#### Assignment
Using the data below, print exactly the line with "Opevnený stredoveký hrad", the line with "2011年,441.8米高的", and every line between them, but none of the pictures.

#### Data in this exercise
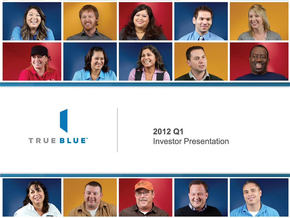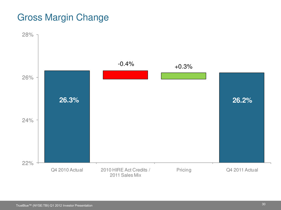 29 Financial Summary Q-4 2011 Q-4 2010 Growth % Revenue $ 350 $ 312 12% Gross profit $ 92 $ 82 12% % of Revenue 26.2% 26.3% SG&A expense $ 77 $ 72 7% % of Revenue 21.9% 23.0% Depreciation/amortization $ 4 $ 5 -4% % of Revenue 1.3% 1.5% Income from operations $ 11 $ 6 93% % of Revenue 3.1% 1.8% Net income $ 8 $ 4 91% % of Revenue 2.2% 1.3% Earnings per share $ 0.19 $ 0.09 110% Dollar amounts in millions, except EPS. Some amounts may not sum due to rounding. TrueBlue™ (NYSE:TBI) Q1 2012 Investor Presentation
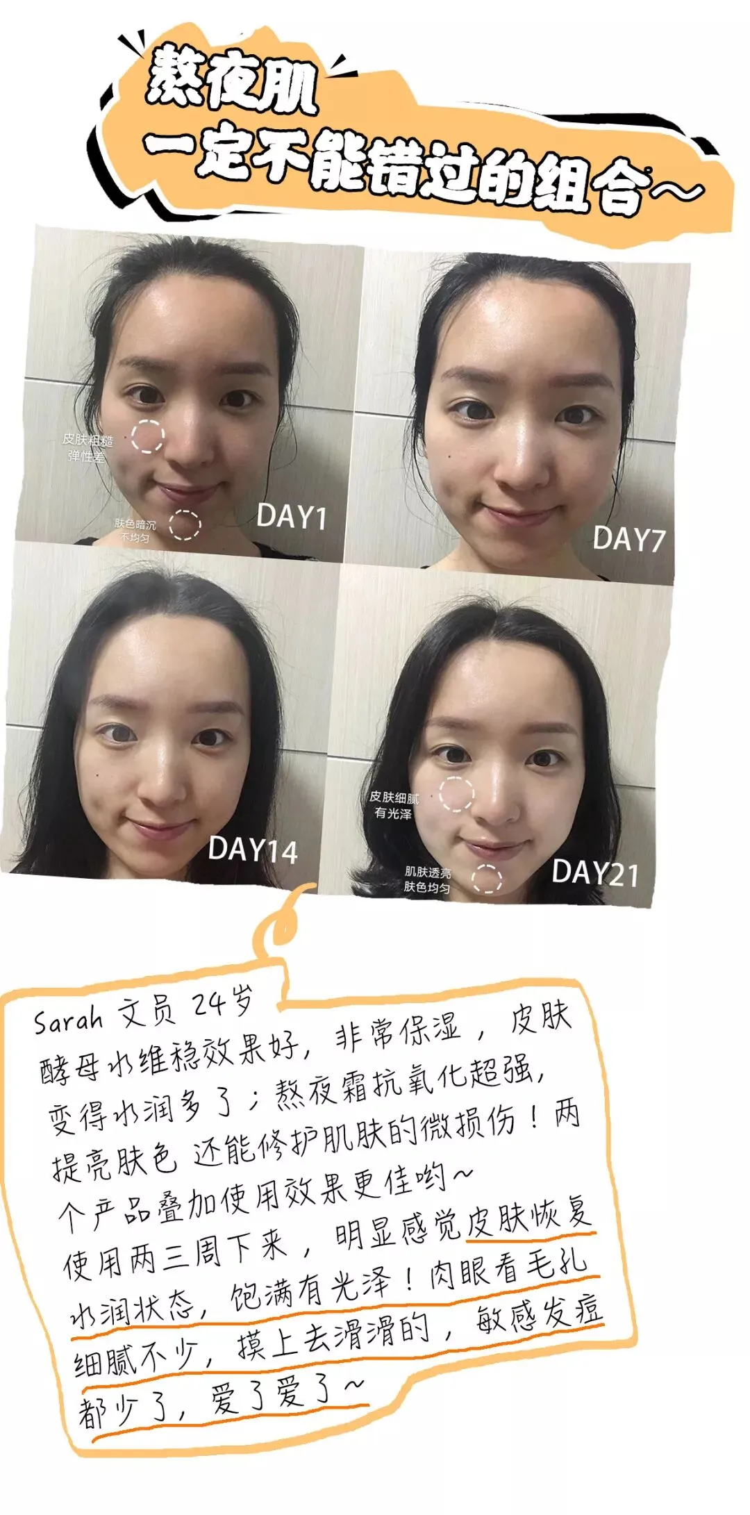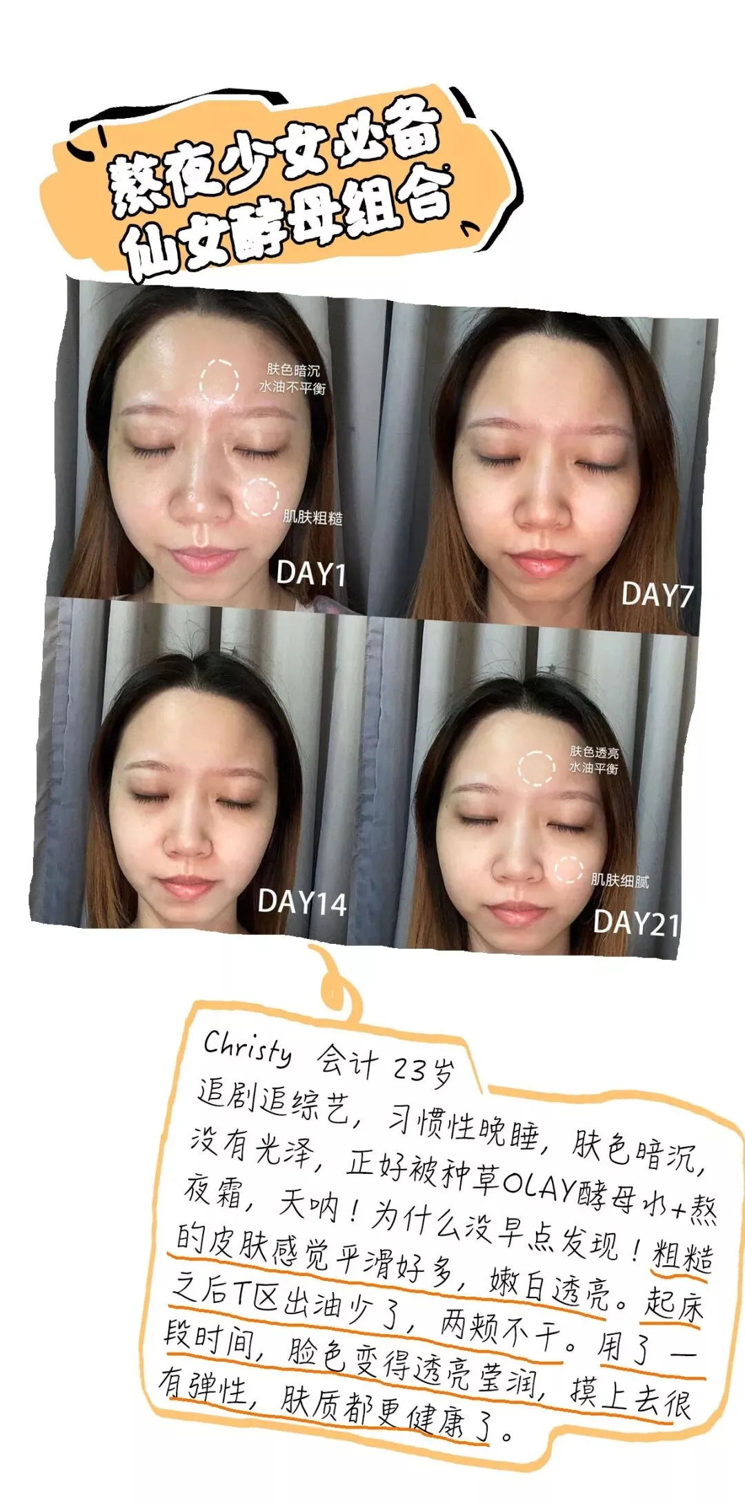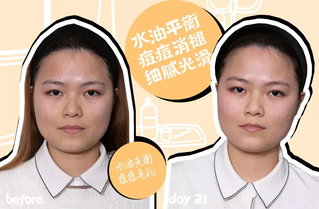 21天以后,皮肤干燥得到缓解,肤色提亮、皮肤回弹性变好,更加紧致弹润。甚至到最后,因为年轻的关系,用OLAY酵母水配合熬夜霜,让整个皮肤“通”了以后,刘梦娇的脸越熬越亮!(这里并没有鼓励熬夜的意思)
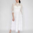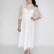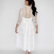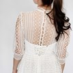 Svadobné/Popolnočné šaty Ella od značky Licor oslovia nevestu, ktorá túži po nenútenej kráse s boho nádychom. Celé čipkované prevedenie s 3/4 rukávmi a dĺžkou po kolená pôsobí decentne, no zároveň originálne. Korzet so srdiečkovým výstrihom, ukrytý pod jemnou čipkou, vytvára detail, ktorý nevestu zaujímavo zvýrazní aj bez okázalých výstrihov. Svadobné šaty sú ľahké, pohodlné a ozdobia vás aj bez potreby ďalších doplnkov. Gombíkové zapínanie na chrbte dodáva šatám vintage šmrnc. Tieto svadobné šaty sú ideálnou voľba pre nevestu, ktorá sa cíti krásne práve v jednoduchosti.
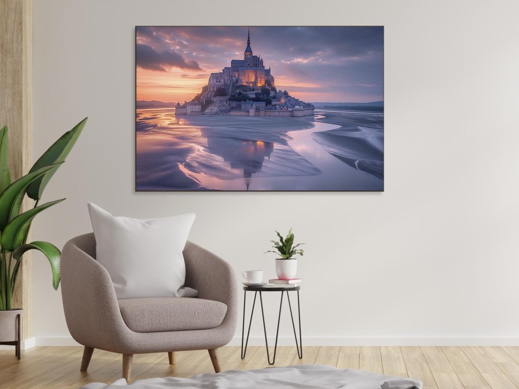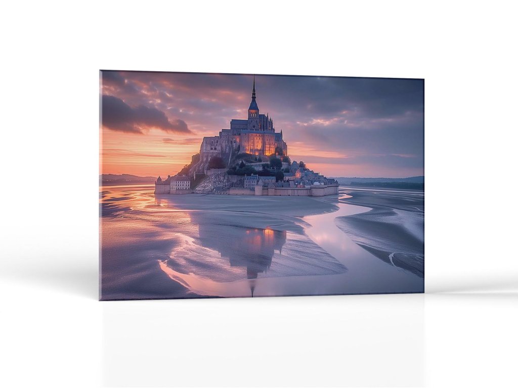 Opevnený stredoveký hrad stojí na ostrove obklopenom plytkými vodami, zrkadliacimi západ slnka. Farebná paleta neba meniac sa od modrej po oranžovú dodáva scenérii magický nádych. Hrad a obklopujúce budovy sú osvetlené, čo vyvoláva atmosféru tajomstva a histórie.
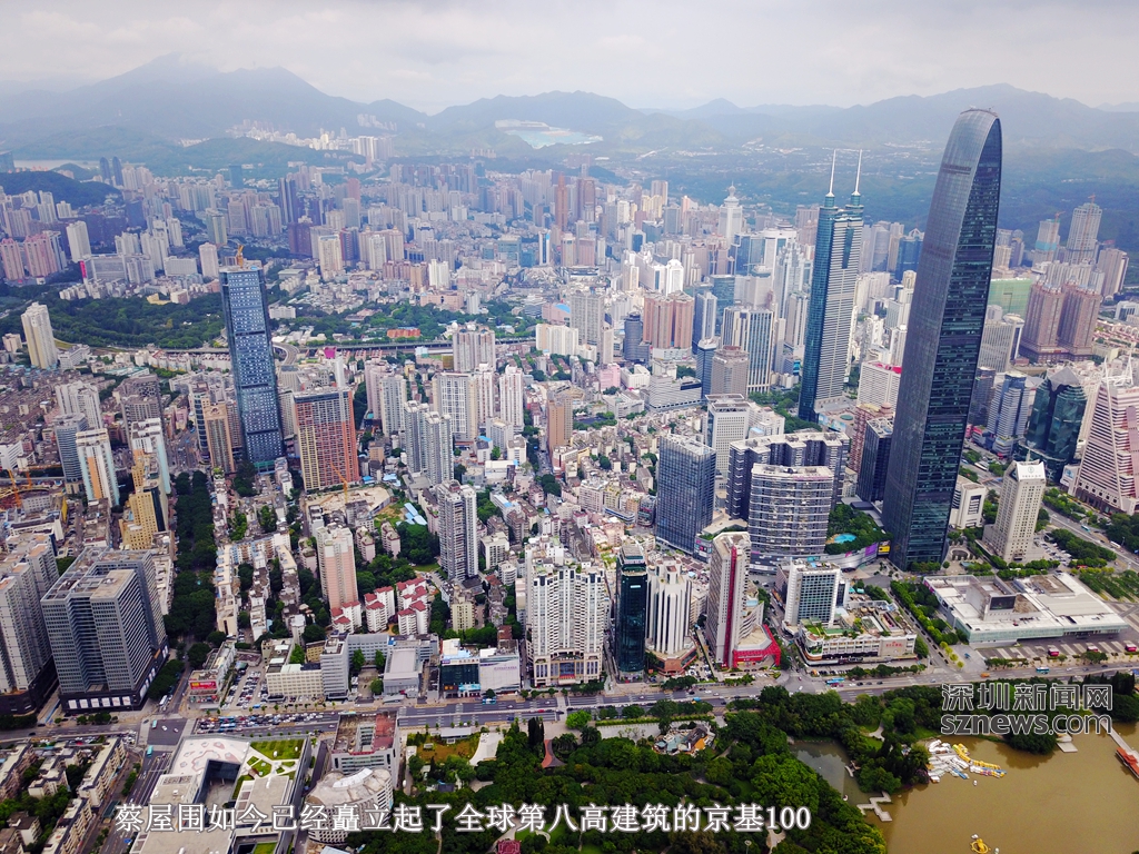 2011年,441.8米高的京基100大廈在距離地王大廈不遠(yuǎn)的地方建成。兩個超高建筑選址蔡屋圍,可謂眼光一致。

---

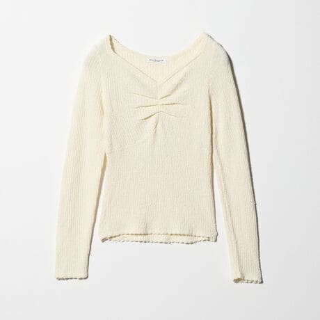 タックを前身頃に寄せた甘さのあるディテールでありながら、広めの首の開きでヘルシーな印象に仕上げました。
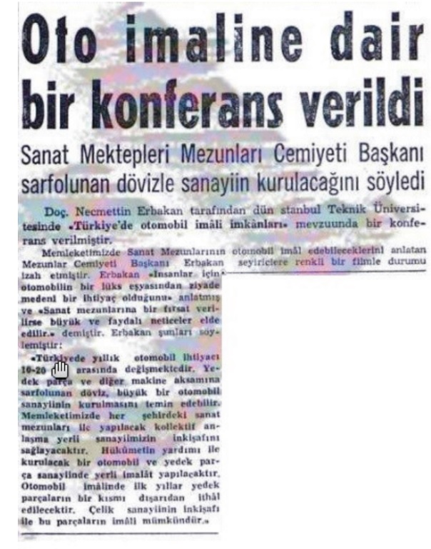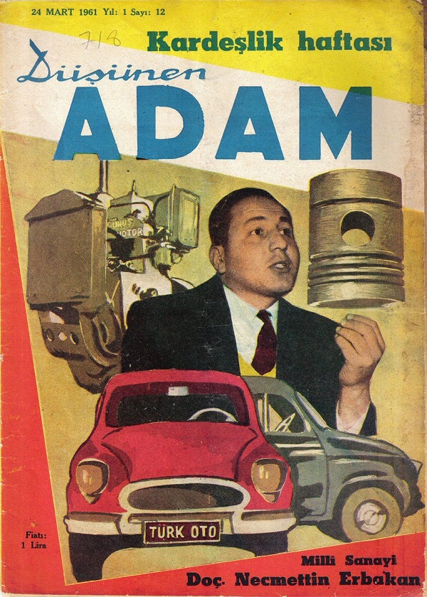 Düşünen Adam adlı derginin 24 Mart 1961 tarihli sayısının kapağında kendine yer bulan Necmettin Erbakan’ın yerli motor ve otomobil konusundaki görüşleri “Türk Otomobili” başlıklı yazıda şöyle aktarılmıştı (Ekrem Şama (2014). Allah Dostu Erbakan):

#### Answer
 Opevnený stredoveký hrad stojí na ostrove obklopenom plytkými vodami, zrkadliacimi západ slnka. Farebná paleta neba meniac sa od modrej po oranžovú dodáva scenérii magický nádych. Hrad a obklopujúce budovy sú osvetlené, čo vyvoláva atmosféru tajomstva a histórie.
 2011年,441.8米高的京基100大廈在距離地王大廈不遠(yuǎn)的地方建成。兩個超高建筑選址蔡屋圍,可謂眼光一致。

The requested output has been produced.